When you enter the place in the Riyadh neighborhood, one of the finest neighborhoods of Khartoum, you will feel a sense of warmth and vitality.
There will tactile your hearing a tune or murmurs of a composer working to compose new words, or a musician or an amateur who plays the lute. In another isolated corner, an artist paints a painting in which he slips in his feelings and emotions.
There ,a family sits together , friends gather after a long absence, parted by the ways of life in search for earning their living .
The smell of coffee fills the place. There, you can sit at a table with a set of books placed on it. While you are waiting for a cup of coffee, curiosity will prompt you to read one of them or browse it. Every where around you , you will be peering at a Sudanese folklore item.
Weaam Shawgy, the owner of the Izis Café project, graduated at ٍ Sudan University from the College of Communication Sciences in the year 2014. First she worked as a journalist, in response to her desire to develop her talent of writing that she gained at an early age. Then she moved to work on the Sudanese Broadcast, only to quit after a while to join the staff of an electronic magazine related to women’s issues.

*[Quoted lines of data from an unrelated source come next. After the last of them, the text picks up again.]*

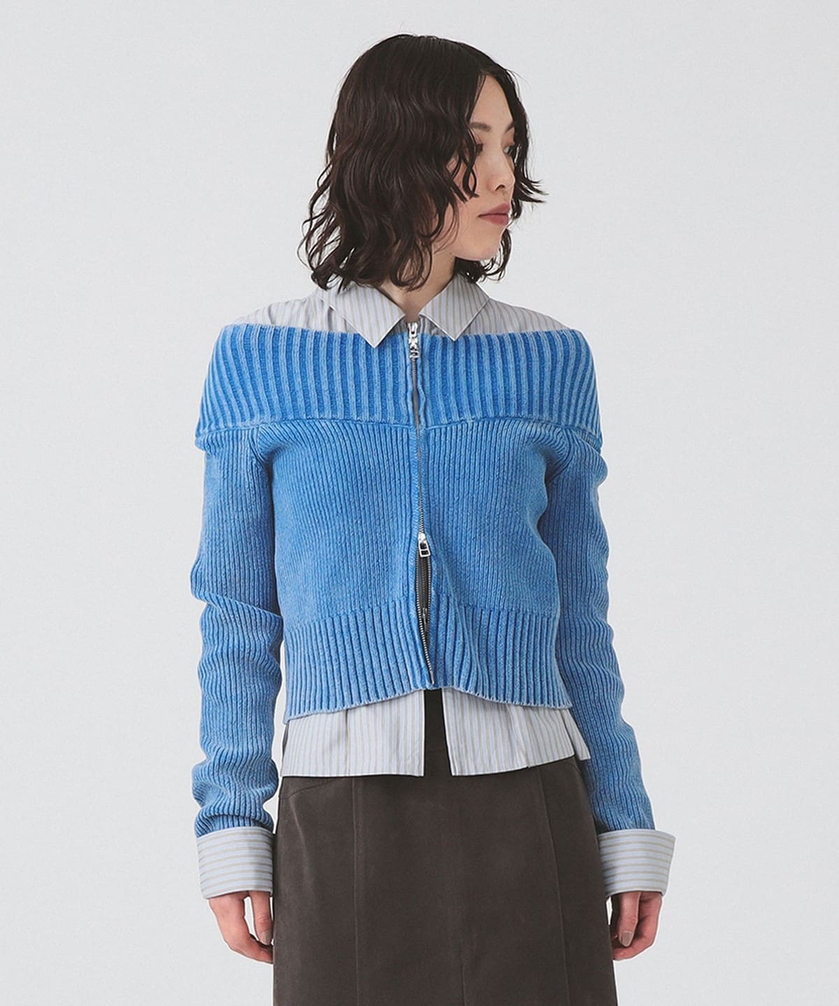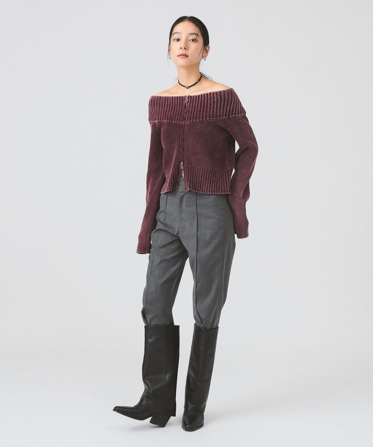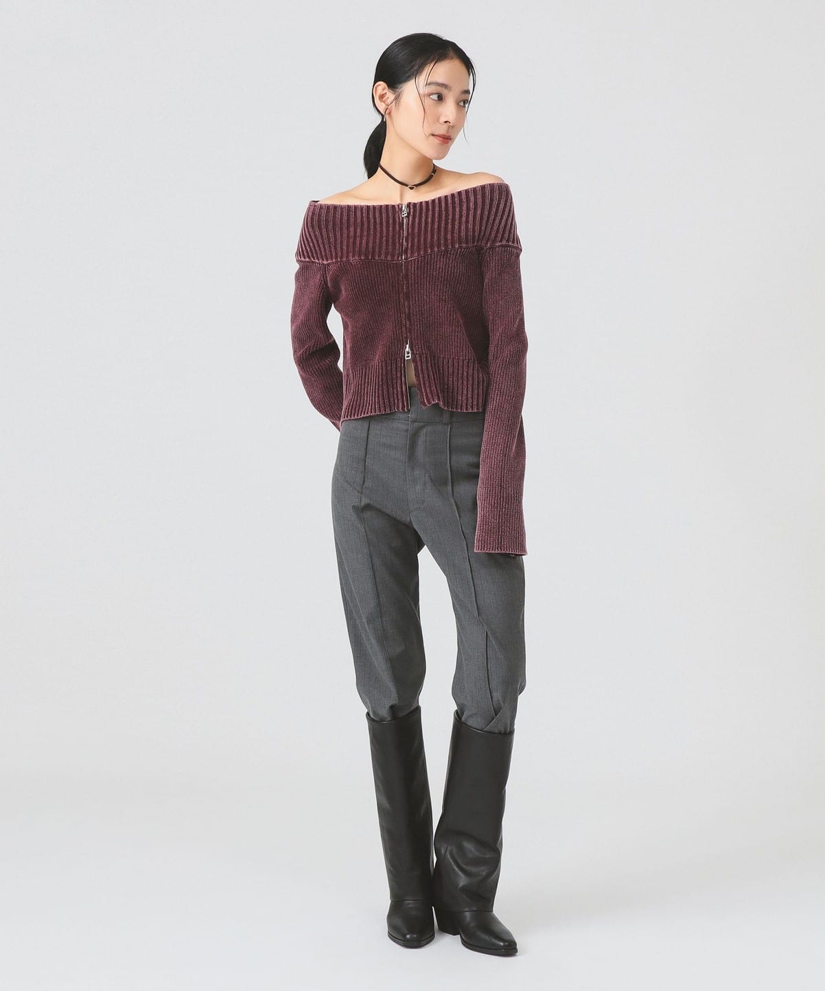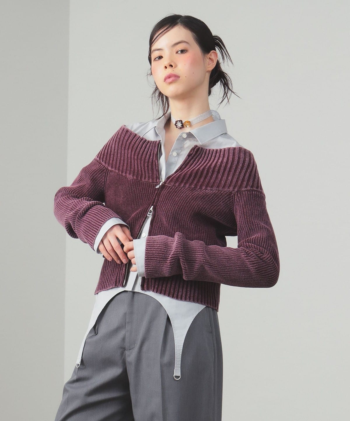 레이 빔즈 오프숄더 지퍼 니트 가디건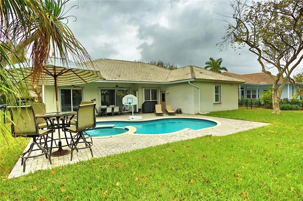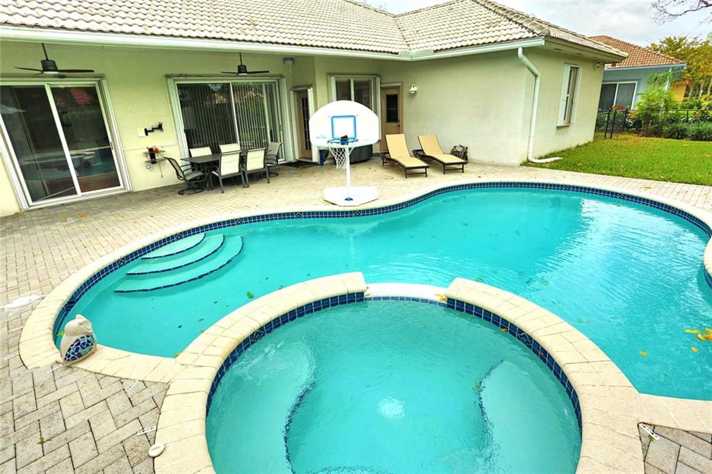 WELCOME HOME! Your spacious 4 bedroom, 2.5 bathroom, pool home with views of fountain and lake await you. Formal living & dining rooms, family room, eat-in kitchen, split bedrooms, cabana bath to covered patio, pool area and fenced yard. Fourth bedroom is accessible from master suite and has built-ins as it's currently used as an office. This 4th bedroom would be perfect for a nursery as well. Master suite has two closets, very large shower & dual vanities. Kitchen features include granite counters, pull-out spice racks on both sides of oven, convection microwave, pull out drawers in pantry, French Door Maytag refrigerator and bottled water feature at the sink. The entire home has Culligan water purifier, newer Trane AC with UV allergen filter. See attached for more info.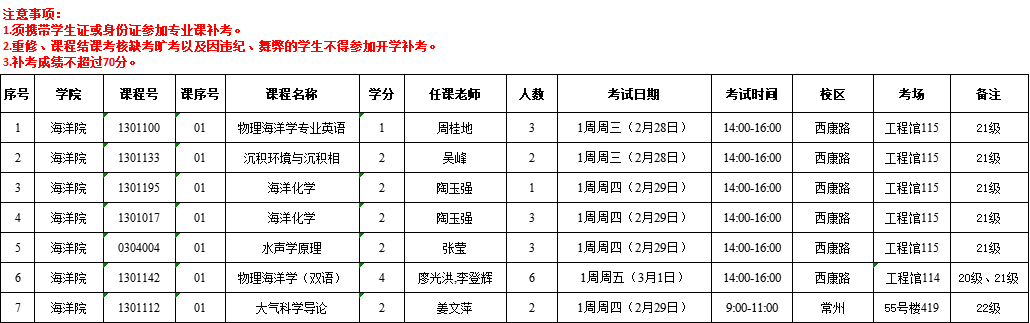 2023-2024-2学期海洋院专业课开学补考安排

Then she moved to work in Sudan TV.
Despite this lengthy path in formal profession, Weaam did not forgo her dream which she kept since her graduation; entrepreneurship. She had a feeling that she did not want to work as an employee and that she must own a private job because of her belief that the job is the slavery of the third millennium.
Weaam says” My desire to be free from the restrictions of the job continually urged me to get free from jobs and what encouraged me more is my mother’s owning her private business in embroidery and sewing. She also owned a beauty salon besides a clothing and cosmetic store in (Abu Adam) area south of the capital Khartoum. She continues saying , “My mom allowed for me a space to set up the coffee shop. I wanted people to come to drink coffee with a (cupcake) beside reading books, but the wind blew the other direction as many problems besieged me because the idea was not socially preferred. So I gave up under the stress that people do not accept the idea but with encouragement from my mother, I re-opened “ Izis Café” in Al-Sahafa area in central Khartoum with partnership with my mother where the idea proved to be successful as the place always was crowded by visitors.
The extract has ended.